This ends a bit quickly, maybe even a little bit out of nowhere, but for the most part, it does the job it set out to do, which was for someone to finally effectively showcase Tiger Mask’s good stuff and give him a strong win to put as a notch on his belt. This won’t blow your doors off, but its one heck of a carry job. **3/4

MATCH #4: Kurt Angle v. The Giant Bernard

A lot of people know my trepidations regarding Kurt Angle, but most don’t, so for those of you who haven’t been privy to my rants regarding him, I’ll outline that, because in this match, its kind of crucial.

Angle’s a guy who for years, I felt the WWE did almost TOO good of a job of protecting. He had the gimmick of being an ‘authentic’ wrestler and used a lot of those moves in his matches, and for the most part, racked up a pretty impressive list of accomplishments while he was with the big company. However, when he left, I felt many of his shortcomings became exposed once he didn’t have the luxury of having guys like the Undertaker, Rey Mysterio, Eddie Guererro and Steve Austin to work with.
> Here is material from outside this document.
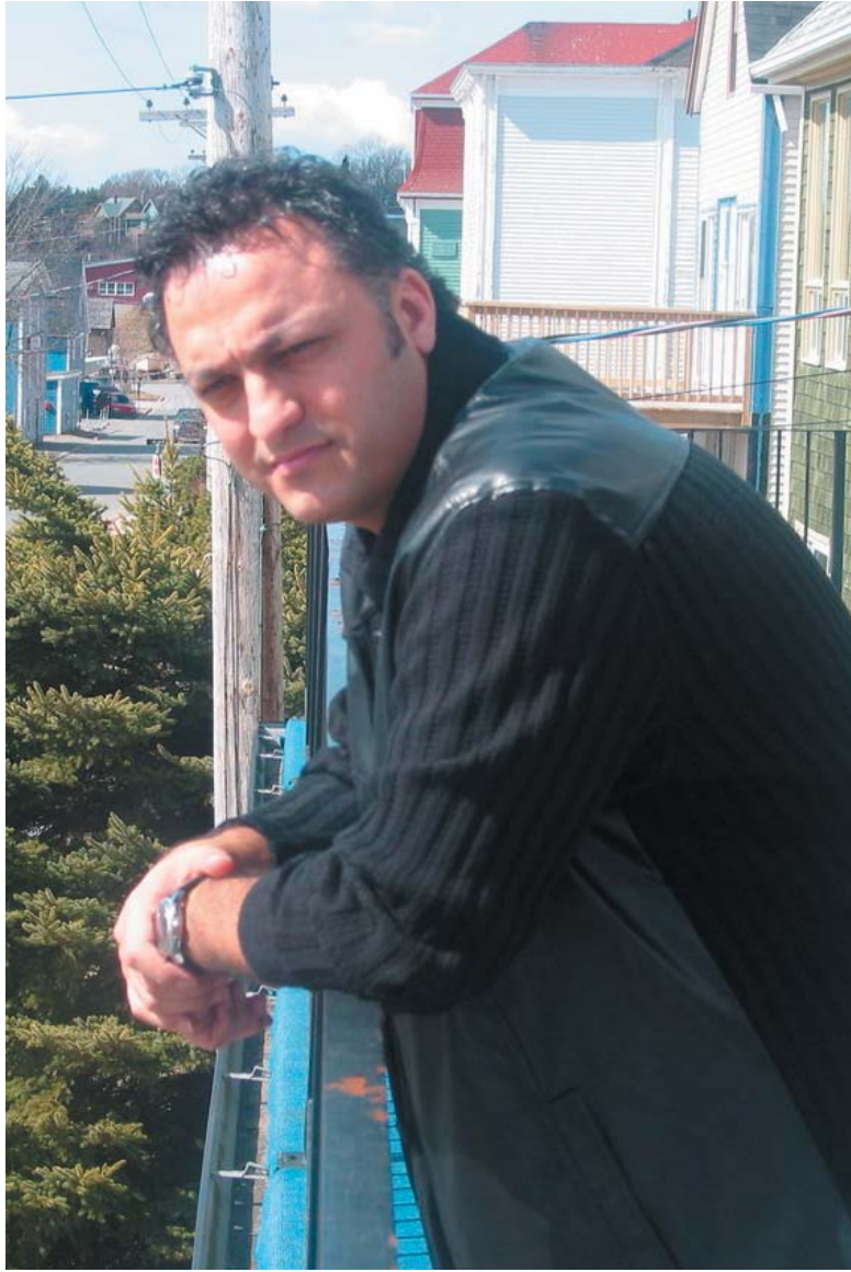
تۇنى كەيوان بۇ گولان:

- ۋەكو ھونەر جىاۋازىيەكى ئەۋتويان نىيە، چونكە ئەو كەسەي كارەكەي دەكات پىي دەلېن گۇرانىيىت ئەۋانەي پۇپ ۋ رۇك ۋ راپ ۋ جازىش دەلېن پىيان دەلېن گۇرانىيىت، بەلام شىۋازەكەي جىاۋازە ۋ گۇرانى مىللى ۋ فۇلكلۇرى ئەگۋرە تەنسا دەتوانىت گۇرانىيەكى بچوۋكى تىدا بكرىت

There are a lot of issues, too, but the two biggest ones are his ability to effectively pace his matches, move a crowd up and down, and secondly, his inability to know when to say ‘enough is enough’ in particular spots. Blowing out five German suplexes on super heavyweights is dumb. Letting people hang out in your finisher for 30 minutes doesn’t really make your finisher look like, well, a finisher. Swiftly bringing out big moves like the Angle slam in the early moments of a match and having your opponent kick out at 1, doesn’t make me think that if you use it later on, you’ll get three. A lot of that has to do with Angle’s background. Because the guy is freakishly athletic, he tends to fall back on that or take it overboard. His matches as a result, especially many of the ones in TNA and in his later years in the WWE, became centered on showing us how ‘athletic’ he was, how much ‘stuff’ he could do BECAUSE of that athleticism. He’d blow off the ‘story of the match’ half way through just to start popping out huge strings of suplexes and counters that didn’t amount to anything other than, well, showing us how athletic he was.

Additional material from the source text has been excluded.